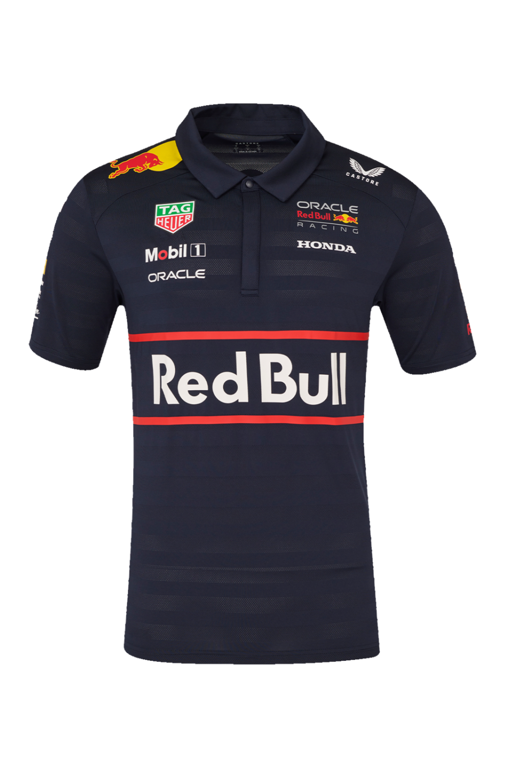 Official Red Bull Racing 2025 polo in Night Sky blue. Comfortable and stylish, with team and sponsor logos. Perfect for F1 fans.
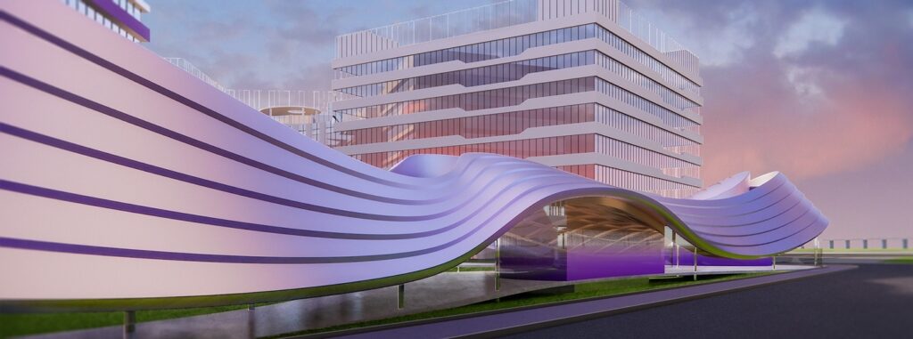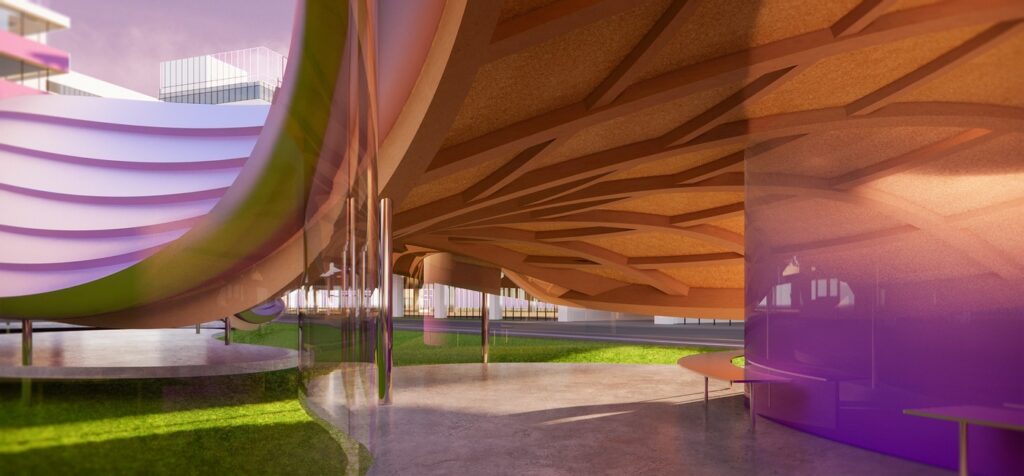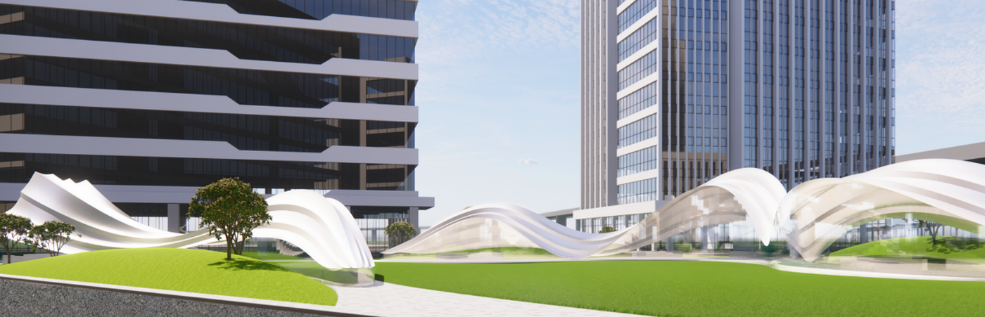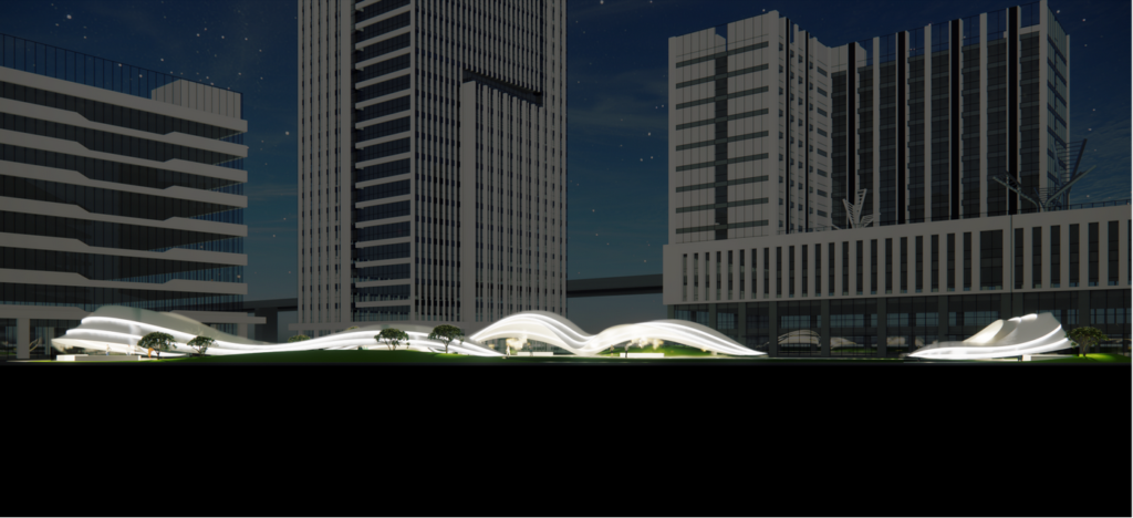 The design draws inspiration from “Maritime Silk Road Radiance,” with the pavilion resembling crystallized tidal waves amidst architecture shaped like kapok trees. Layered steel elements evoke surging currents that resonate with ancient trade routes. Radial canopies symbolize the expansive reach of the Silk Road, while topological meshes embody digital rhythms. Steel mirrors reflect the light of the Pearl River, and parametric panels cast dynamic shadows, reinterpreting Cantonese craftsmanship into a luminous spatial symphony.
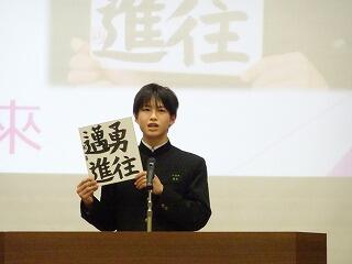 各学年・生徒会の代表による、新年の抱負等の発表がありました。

What you will do: When you write out the material, keep every line exact and leave out each picture.

Answer box:
 Official Red Bull Racing 2025 polo in Night Sky blue. Comfortable and stylish, with team and sponsor logos. Perfect for F1 fans.
 The design draws inspiration from “Maritime Silk Road Radiance,” with the pavilion resembling crystallized tidal waves amidst architecture shaped like kapok trees. Layered steel elements evoke surging currents that resonate with ancient trade routes. Radial canopies symbolize the expansive reach of the Silk Road, while topological meshes embody digital rhythms. Steel mirrors reflect the light of the Pearl River, and parametric panels cast dynamic shadows, reinterpreting Cantonese craftsmanship into a luminous spatial symphony.
 各学年・生徒会の代表による、新年の抱負等の発表がありました。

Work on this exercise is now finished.